Activity:
Every line of the listing must be reproduced as it stands. Leave the images behind.

Data extract:
◆ ◆ ◆ ◆

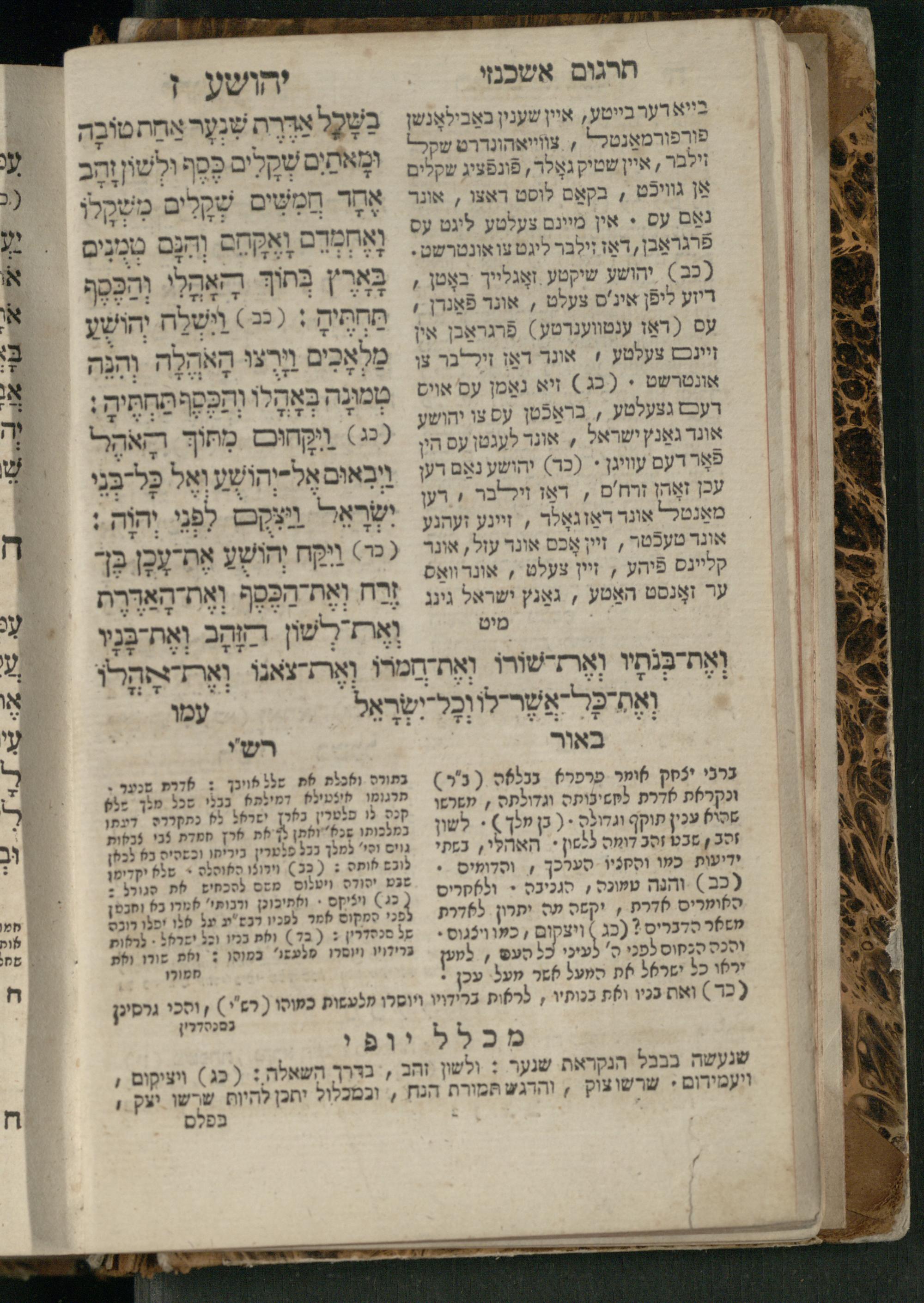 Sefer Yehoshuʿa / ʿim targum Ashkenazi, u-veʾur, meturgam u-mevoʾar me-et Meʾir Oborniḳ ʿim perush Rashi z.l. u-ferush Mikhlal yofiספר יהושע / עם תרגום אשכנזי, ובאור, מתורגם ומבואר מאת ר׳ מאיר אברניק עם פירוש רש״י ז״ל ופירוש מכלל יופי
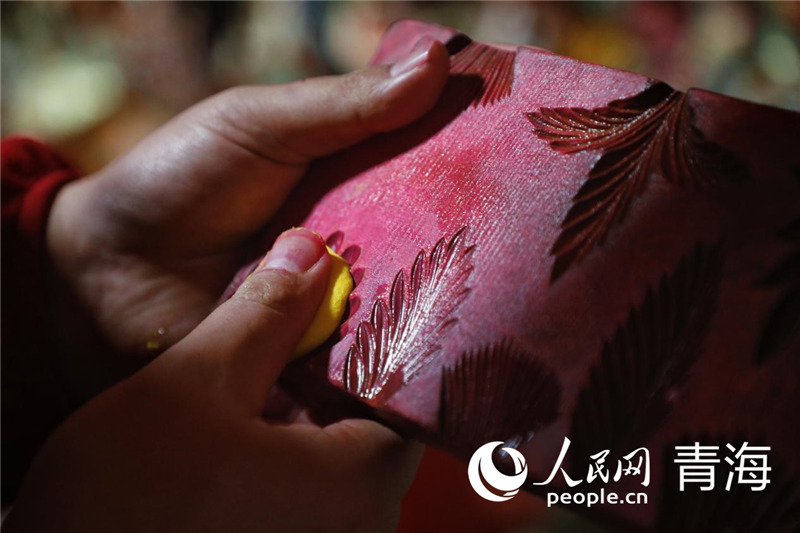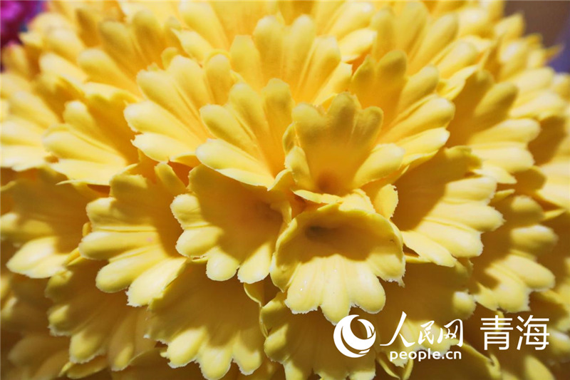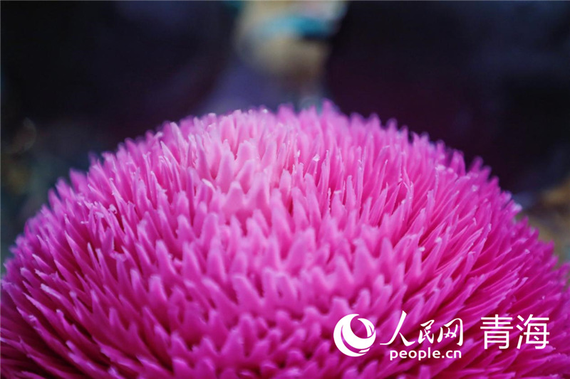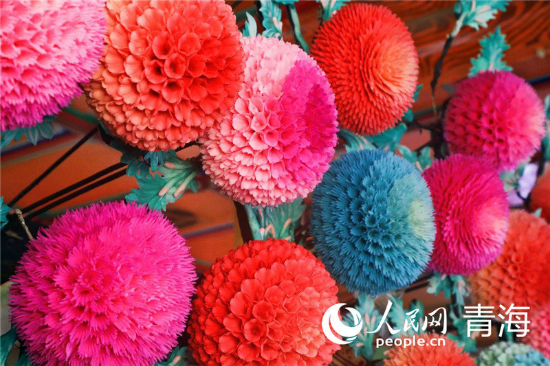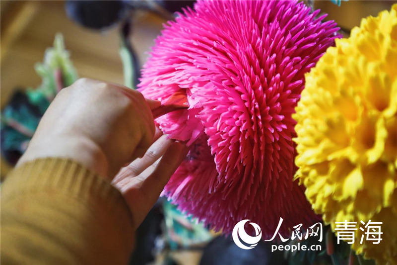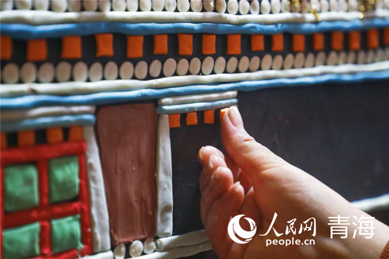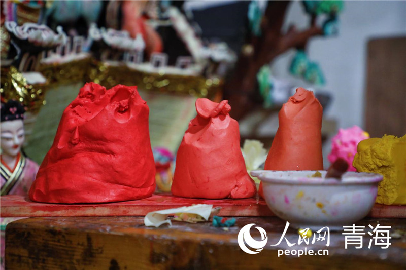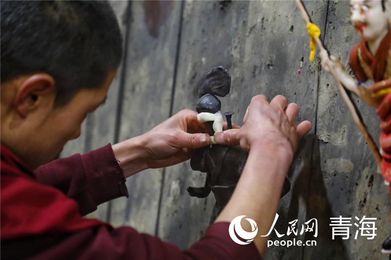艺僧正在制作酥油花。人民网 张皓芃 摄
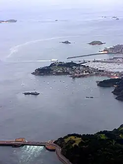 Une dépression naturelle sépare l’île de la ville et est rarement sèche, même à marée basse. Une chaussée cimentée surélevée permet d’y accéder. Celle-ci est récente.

◆ ◆ ◆ ◆

Solution to this problem:
 Sefer Yehoshuʿa / ʿim targum Ashkenazi, u-veʾur, meturgam u-mevoʾar me-et Meʾir Oborniḳ ʿim perush Rashi z.l. u-ferush Mikhlal yofiספר יהושע / עם תרגום אשכנזי, ובאור, מתורגם ומבואר מאת ר׳ מאיר אברניק עם פירוש רש״י ז״ל ופירוש מכלל יופי
艺僧正在制作酥油花。人民网 张皓芃 摄
 Une dépression naturelle sépare l’île de la ville et est rarement sèche, même à marée basse. Une chaussée cimentée surélevée permet d’y accéder. Celle-ci est récente.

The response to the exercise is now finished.